Each attribute has a name and a value. Some attributes can appear multiple times in the same object; others can appear only once.
Attributes are written in LDIF at the start of line. The attribute name appears first, followed by a colon, followed by the attribute value. Attributes can span multiple lines; a line that begins with whitespace is assumed to be a continuation of the preceeding line’s attribute value.
This LDIF fragment describes a single attribute:
givenName: John
This is a pair of attributes:
givenName: John surname: Franklin
This is an attribute with multiple values:
mail: john@example.com mail: jfranklin@example.net
Attributes are divided into two groups: user attributes, which hold data for applications using the directory, and operational attributes, which hold data for use by the directory system.
Names
Every object in an LDAP directory has a distinguished name (DN) which identifies its location in the directory’s tree. An object’s name is a sequence of attributes, written with the root of the tree on the right. In a DN, attributes are written in name=value form and are separated by commas, rather than LDIF’s name: value form.
This is a DN:
givenName=John,o=Example
DNs have a parent-and-child relationship. In the example above, givenName=John,o=Example is the DN of a child of the object named o=Example. Directory trees can have very deep hierarchies of names, or very shallow hierarchies of names, depending on the needs of the application.

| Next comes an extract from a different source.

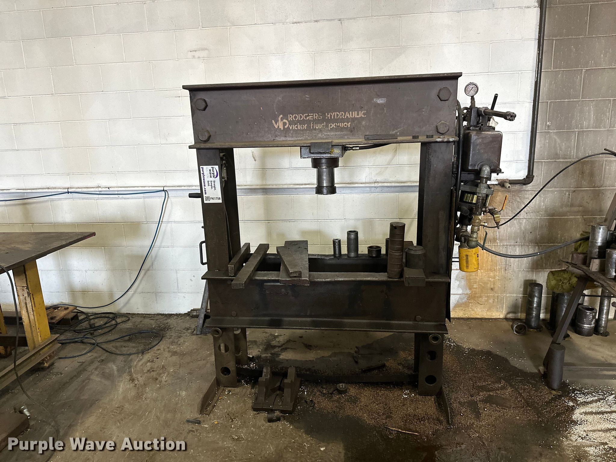 Purple Wave is selling a used Tools in Minnesota. This item is a Rogers hydraulic press with the following: Dies included

Every directory tree has a special DN called its base DN which acts as the root of the directory tree. The base DN of a directory tree may contain multiple segments, which would imply that it has parents, but the parent objects do not need to exist in any directory tree. Every directory service has a second special DN, identified by the empty string, naming the root of the directory service.
Objects
Objects hold the data stored in the directory. Each object has a name, distinct from the names of all other objects, and a suite of attributes describing the object.
In LDIF, objects are written as a list of attributes, starting with a dn attribute holding the object’s DN. Multiple objects can appear in a single LDIF file, separated by a blank line.
This is a pair of objects:
dn: o=Example objectClass: organization o: Example dn: commonName=John Franklin,o=Example objectClass: person givenName: John surname: Franklin commonName: John Franklin
(The dn attribute in the LDIF description is not an attribute of the object, but rather part of the LDIF language. It must appear first in any LDIF representation.)
Every object has a user attribute named objectClass, which identifies what kind of data the object holds.
Schemata
Unlike more recent key/value databases, LDAP validates stored data against a schema. Each object’s objectClass attributes identify the schemata that apply to that object.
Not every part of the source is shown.